* [About this task] With the pictures left out, retype exactly the lines below starting at the line that contains "7.下入線椒段。不要翻動它,讓它定個型。" and ending at the line that contains "AMZCHEF Machine À".

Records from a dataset
--- START ---

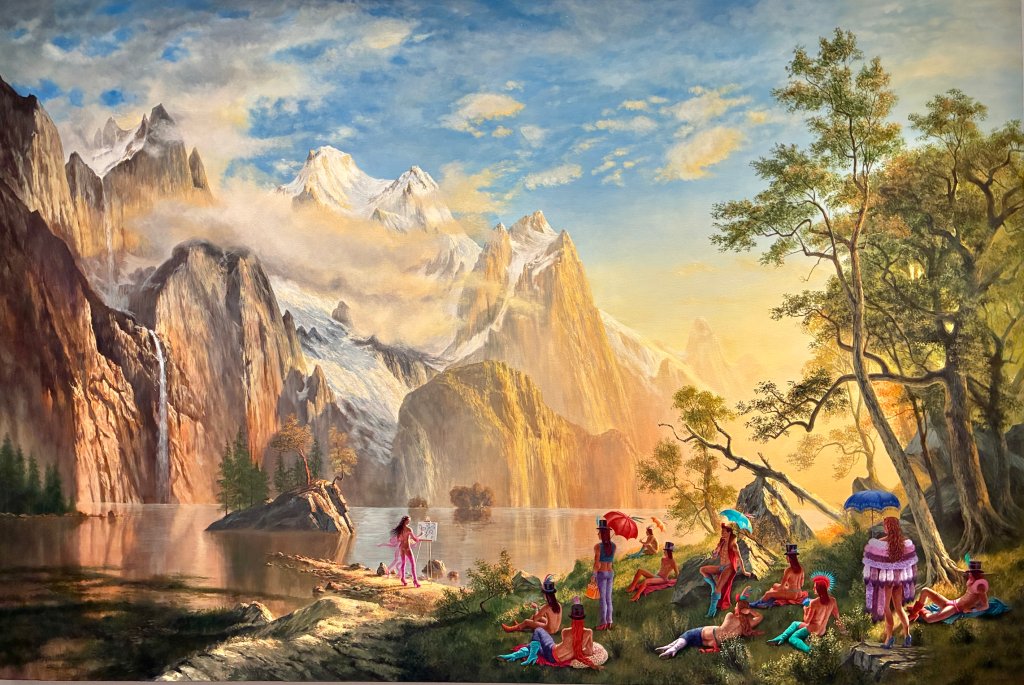These works, though beautiful, mythologized the West and fostered the idea that these were empty lands open to European settlers. Monkman does a fantastic job at flipping this on its head—he recreates Bierstadt’s landscapes but includes Indigenous people and white settlers inhabiting them, creating “dialogues between different kinds of work across periods of time,” he said.
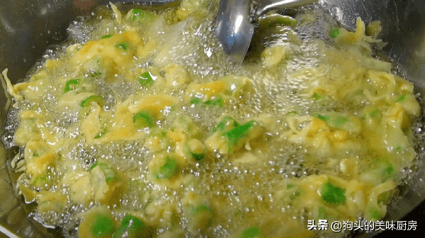 7.下入線椒段。不要翻動它,讓它定個型。
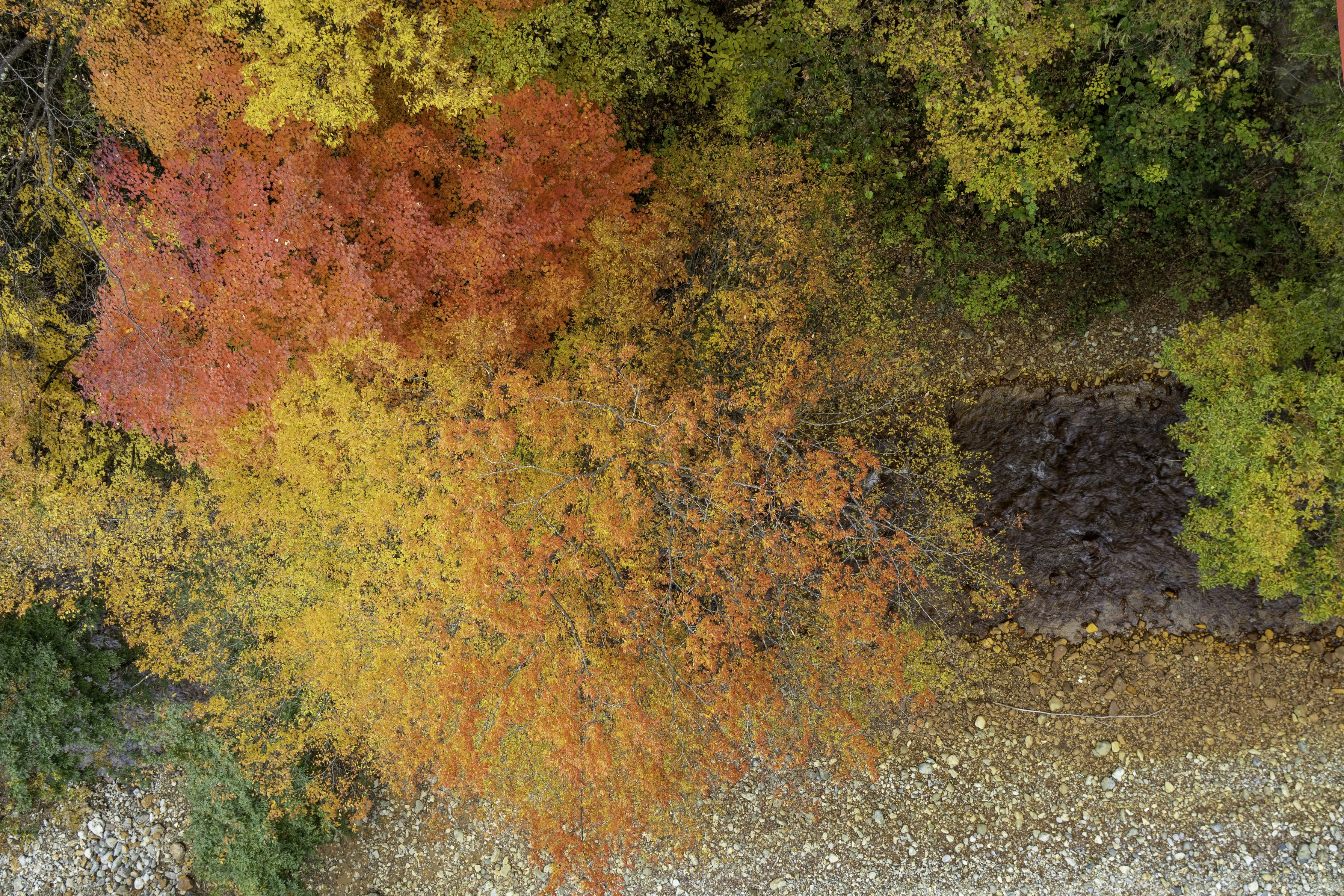 橋の上から。長野県高山村の松川渓谷の紅葉
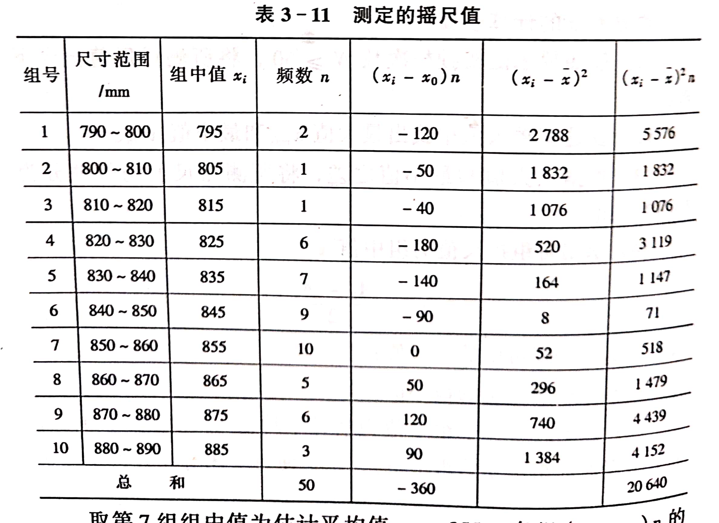 取第7組組中值為估計平均值x0=855,各組(x1-x0)n的總和∑(x1-x0)n=-360,計算公差中心:
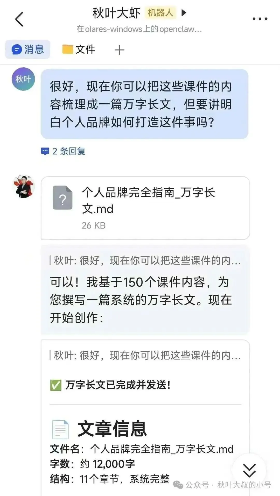 现在 OpenClaw 完全了掌握秋叶风格的写作逻辑,以后写文章、做PPT,都可以用它辅助出内容,效率直接翻倍。
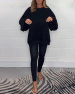 Enkel ensfarvet sweatshirt med lanterneærmer
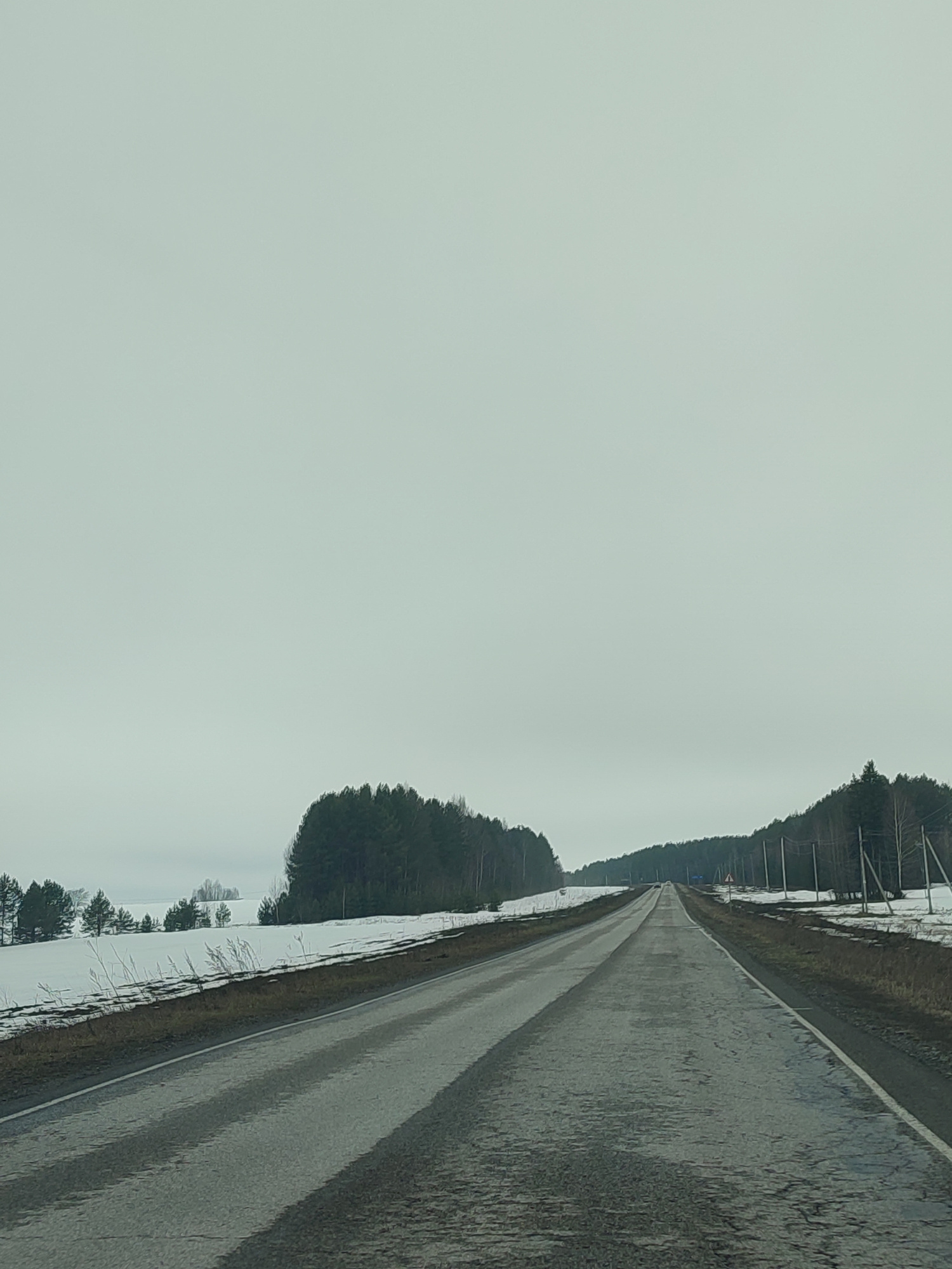 The image depicts a straight, two-lane road stretching into the distance under an overcast sky. The road surface appears wet and worn. Snow is visible on the sides of the road in the adjacent fields a…read more
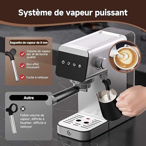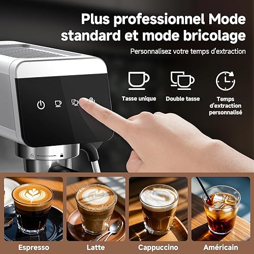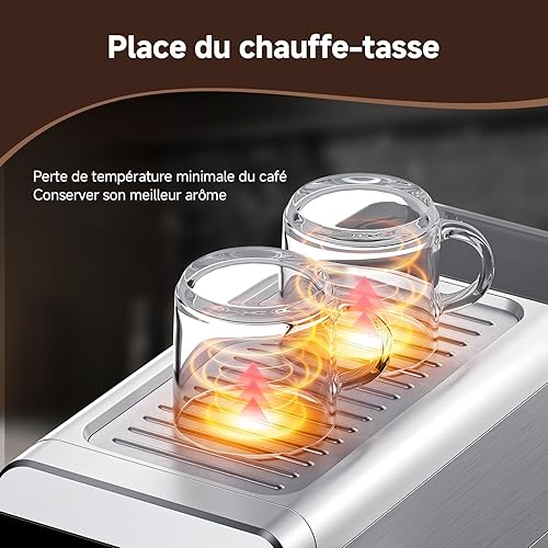 AMZCHEF Machine À Café Expresso 20 bar avec écran LED Home 2 en 1 avec réservoir amovible de 1,2 L pour cadeaux ménagers compacte en acier inoxydable 1350 W
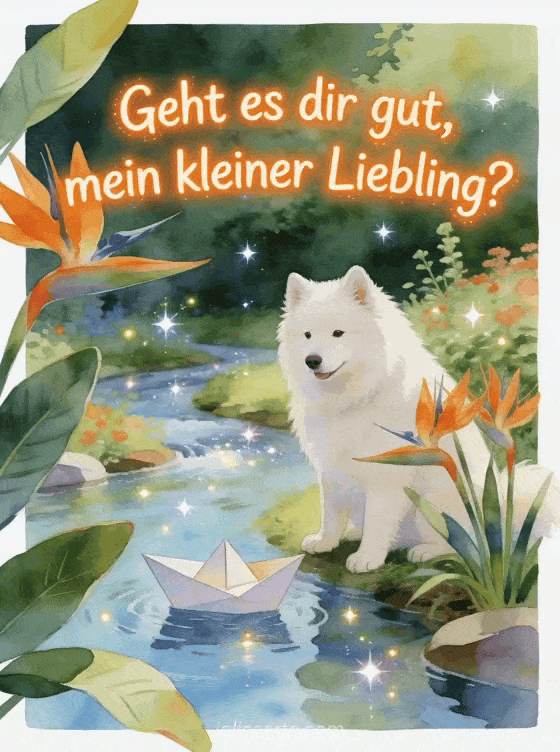 Frage mit spielerischer Wärme durch orangefarbene Schrift, Strelitzien, einen Samojeden neben einem gefalteten Papierboot und einen glitzernden Gartenfluss. Entdecke auch eine Guten Morgen mein Schatz wie geht es dir heute Morgen, eine wie geht's dir Liebste Karte oder einen Gruß mit ja es geht gut mein Schatz.

--- END ---

* [Problem solution]
 7.下入線椒段。不要翻動它,讓它定個型。
 橋の上から。長野県高山村の松川渓谷の紅葉
 取第7組組中值為估計平均值x0=855,各組(x1-x0)n的總和∑(x1-x0)n=-360,計算公差中心:
 现在 OpenClaw 完全了掌握秋叶风格的写作逻辑,以后写文章、做PPT,都可以用它辅助出内容,效率直接翻倍。
 Enkel ensfarvet sweatshirt med lanterneærmer
 The image depicts a straight, two-lane road stretching into the distance under an overcast sky. The road surface appears wet and worn. Snow is visible on the sides of the road in the adjacent fields a…read more
 AMZCHEF Machine À Café Expresso 20 bar avec écran LED Home 2 en 1 avec réservoir amovible de 1,2 L pour cadeaux ménagers compacte en acier inoxydable 1350 W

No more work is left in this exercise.